GOAL OF THE EXERCISE: Needed from the data below: every line from the one with "4月25日上午,永利集团30" up to and including the one with "Endurant Roof installed", repeated exactly and with nothing else.

MATERIAL SHOWN:
════

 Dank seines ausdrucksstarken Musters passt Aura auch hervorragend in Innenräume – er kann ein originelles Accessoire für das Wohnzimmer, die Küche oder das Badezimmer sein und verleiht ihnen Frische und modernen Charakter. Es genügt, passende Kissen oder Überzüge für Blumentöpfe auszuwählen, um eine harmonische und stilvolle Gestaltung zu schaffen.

════

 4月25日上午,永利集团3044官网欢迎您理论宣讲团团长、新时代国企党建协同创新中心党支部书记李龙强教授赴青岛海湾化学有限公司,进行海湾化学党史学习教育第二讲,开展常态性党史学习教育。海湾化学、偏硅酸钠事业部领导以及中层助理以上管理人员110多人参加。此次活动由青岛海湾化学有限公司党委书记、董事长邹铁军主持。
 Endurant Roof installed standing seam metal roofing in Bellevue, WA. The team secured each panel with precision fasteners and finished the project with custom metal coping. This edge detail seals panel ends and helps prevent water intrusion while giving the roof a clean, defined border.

════

WRITTEN RESPONSE:
 4月25日上午,永利集团3044官网欢迎您理论宣讲团团长、新时代国企党建协同创新中心党支部书记李龙强教授赴青岛海湾化学有限公司,进行海湾化学党史学习教育第二讲,开展常态性党史学习教育。海湾化学、偏硅酸钠事业部领导以及中层助理以上管理人员110多人参加。此次活动由青岛海湾化学有限公司党委书记、董事长邹铁军主持。
 Endurant Roof installed standing seam metal roofing in Bellevue, WA. The team secured each panel with precision fasteners and finished the project with custom metal coping. This edge detail seals panel ends and helps prevent water intrusion while giving the roof a clean, defined border.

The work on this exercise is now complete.